By Order of the Board

China Energy Storage Technology Development Limited

Lin Dailian

Chairman and Executive Director

Hong Kong, 30 April 2025

Notes:

  1. Any member of the Company entitled to attend and vote at the AGM shall be entitled to appoint another person as his proxy to attend and vote instead of him. A member who is the holder of two or more shares may appoint more than one proxy to represent him and vote on his behalf at the AGM. A proxy need not be a member of the Company. On a poll, votes may be given either personally or by proxy.

  2. The instrument appointing a proxy shall be in writing under the hand of the appointer or of his attorney duly authorised in writing or, if the appointer is a corporation, either under its seal or under the hand of an officer, attorney or other person authorised to sign the same.

  3. The register of members of the Company will be closed from 16 June 2025 (Monday) to 20 June 2025 (Friday), both dates inclusive, during such period no transfer of shares of the Company will be registered.
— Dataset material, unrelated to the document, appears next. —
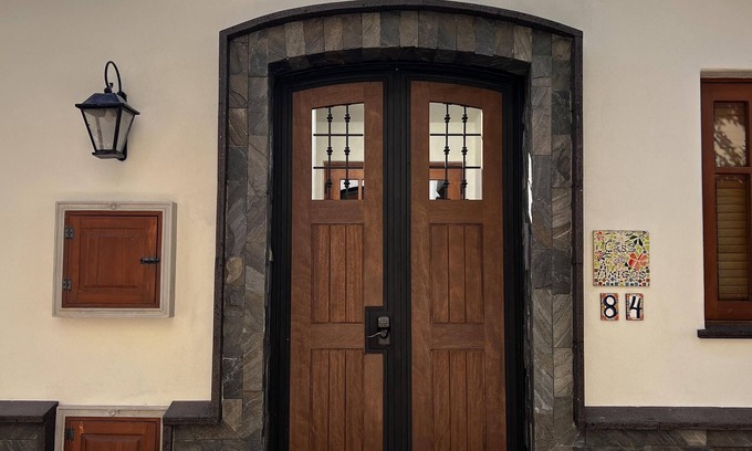 The main living area is downstairs and private. Beamed ceilings and ceramic tile give a colorful, organic feel-

In order to be eligible to attend and vote at the AGM, all transfer documents accompanied by the relevant share certificates must be lodged with the Hong Kong branch share registrar of the Company, Tricor Investor Services Limited, at 17/F, Far East Finance Centre, 16 Harcourt Road, Hong Kong not later than 4:30 p.m. on 13 June 2025 (Friday).

  4. To be valid, the instrument appointing a proxy and (if required by the Board) the power of attorney or other authority (if any) under which it is signed, or a notarially certified copy of such power or authority, shall be delivered to the office of the Hong Kong branch share registrar of the Company, Tricor Investor Services Limited, at 17/F, Far East Finance Centre, 16 Harcourt Road, Hong Kong not less than 48 hours before the time appointed for holding the AGM or any adjournment thereof.
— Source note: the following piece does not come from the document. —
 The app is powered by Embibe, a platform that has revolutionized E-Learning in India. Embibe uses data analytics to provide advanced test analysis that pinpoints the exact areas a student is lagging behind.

  5. No instrument appointing a proxy shall be valid after expiration of 12 months from the date named in it as the date of its execution, except at an adjourned meeting or on a poll demanded at the AGM or any adjournment thereof in cases where the AGM was originally held within 12 months from such date.
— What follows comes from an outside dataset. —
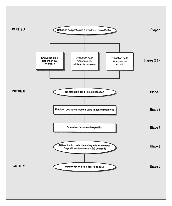 Étapes successives d'évaluation des risques créés par des pesticides entreposés de manière inadéquate
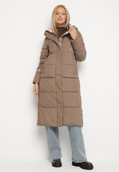 Brązowa Długa Kurtka Pikowana z Kapturem i Bocznymi Suwakami Aruvitta

  6. Where there are joint registered holders of any Share, any one of such persons may vote at any meeting, either personally or by proxy, in respect of such Share as if he were solely entitled thereto; but if more than one of such joint holders be present at any meeting personally or by proxy, that one of the said persons so present whose name stands first on the Register of Members of the Company in respect of such Share shall alone be entitled to vote in respect thereof.

  7. 4 -


  1. Delivery of an instrument appointing a proxy shall not preclude a member from attending and voting in person (or in the case of a member being a corporation, its duly authorised representative) at the meeting or upon the poll concerned and, in such event, the instrument appointing a proxy shall be deemed to be revoked.

  2. An explanatory statement containing the information necessary to enable the members to make an informed decision as to whether to vote for or against the ordinary resolution no. 5 as set out in this notice is enclosed.

  3. Details of the Directors proposed to be re-elected as Directors of the Company at the AGM are set out in Appendix II to this circular.

  4. A form of proxy for use at the AGM is enclosed.

As at the date of this notice, the Board comprises Mr. Lin Dailian (Chairman), Mr. Liu Zhiwei, Ms. Lin Xiaoshan, Mr. Wang Qi and Ms. Bian Sulan as executive Directors; Mr. Li Huiwu, Mr. Wu Chi King and Ms. Zhang Xiulin as independent non-executive Directors.